Le caractère ultrasensible de ces questions, l’histoire chaotique du processus de paix et la dure réalité du terrain – comme la construction de colonies juives en Cisjordanie et à Jérusalem-Est, et la barrière de sécurité érigée par l’État hébreu – sont pour nombre d’observateurs autant de motifs de découragement.
Les négociations antérieures avaient conduit à l’émergence d’un consensus – qui va grandissant – au sein de la communauté internationale sur les contours d’un accord de paix « acceptable »  : création d’un État palestinien suivant des frontières proches de la ligne verte de 1967, avec des ajustements résultant de l’annexion par Israël de blocs de colonies et compensés par des échanges de terres, et résolution du problème des réfugiés à travers un mécanisme de dédommagements plutôt que sur la base du droit au retour. Pour le moment, le gouvernement israélien de droite et une direction palestinienne divisée ne semblent pas près d’approuver un tel accord.
La confiance entre Israéliens et Palestiniens s’érode un peu plus à chaque nouvelle vague de violence, tandis que, comme le montrent les cartes de la Cisjordanie et de Jérusalem-Est, la croissance des colonies juives semble avoir ruiné toute chance de créer un État palestinien viable et doté d’une contiguïté territoriale.
Frontières.

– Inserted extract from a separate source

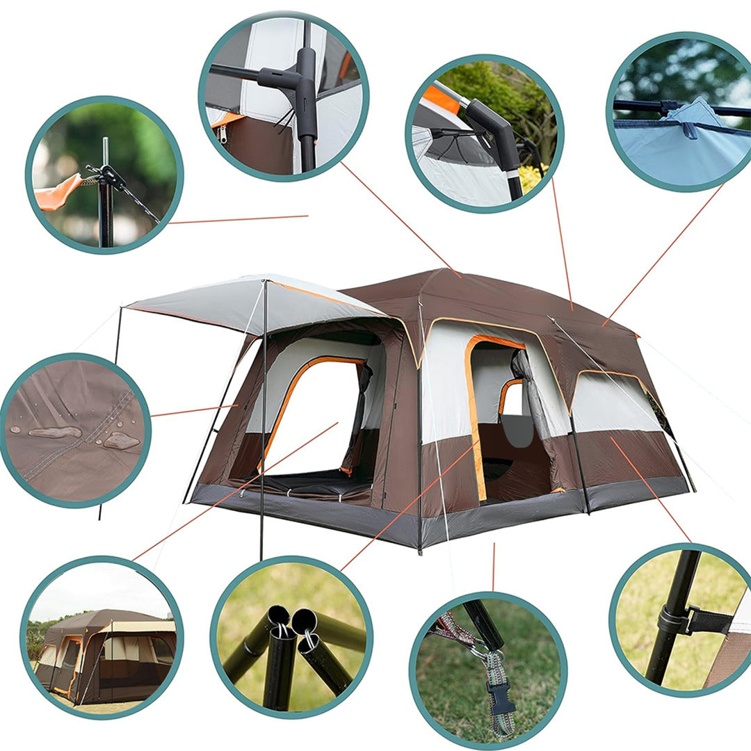 This large family cabin tent measures 430 x 305 x 203cm and is designed to comfortably accommodate 8 to 12 people. It features a double-layer design with two partitioned sleeping areas, is waterproof and wind-resistant, and comes equipped with an outer curtain design for a natural outdoor living space.

Les Palestiniens veulent créer un État indépendant en Cisjordanie et dans la bande de Gaza, avec Jérusalem-Est pour capitale. Cela suppose un retrait d’Israël derrière les frontières de 1967.
La droite israélienne, pour qui l’ensemble des territoires s’étendant de la Méditerranée au Jourdain sont juifs, rejette un tel retrait. Même les Israéliens modérés veulent modifier les frontières de 1967 de manière à englober dans l’État hébreu quelques-unes des colonies qui ont proliféré en Cisjordanie au cours des quarante dernières années. Mais aussi pour conserver le contrôle de zones considérées comme stratégiques, car elles surplombent des centres de population juive.
Les Palestiniens ont accepté l’idée d’une légère modification du tracé de 1967, mais ils réclament en compensation un surcroît de terres équivalent – par exemple l’extension de la surpeuplée bande de Gaza.
Les négociateurs les plus chevronnés sont enclins à considérer la question des frontières comme la plus facile à résoudre. C’est pourquoi elle figure souvent au cœur des discussions lors des premières étapes des négociations de paix.
Sécurité. Israël n’acceptera la création d’un État palestinien que s’il obtient l’assurance que celui-ci ne représentera pas une menace pour sa sécurité. Le risque de voir la Cisjordanie passer sous le contrôle du Hamas préoccupe tout particulièrement l’État hébreu.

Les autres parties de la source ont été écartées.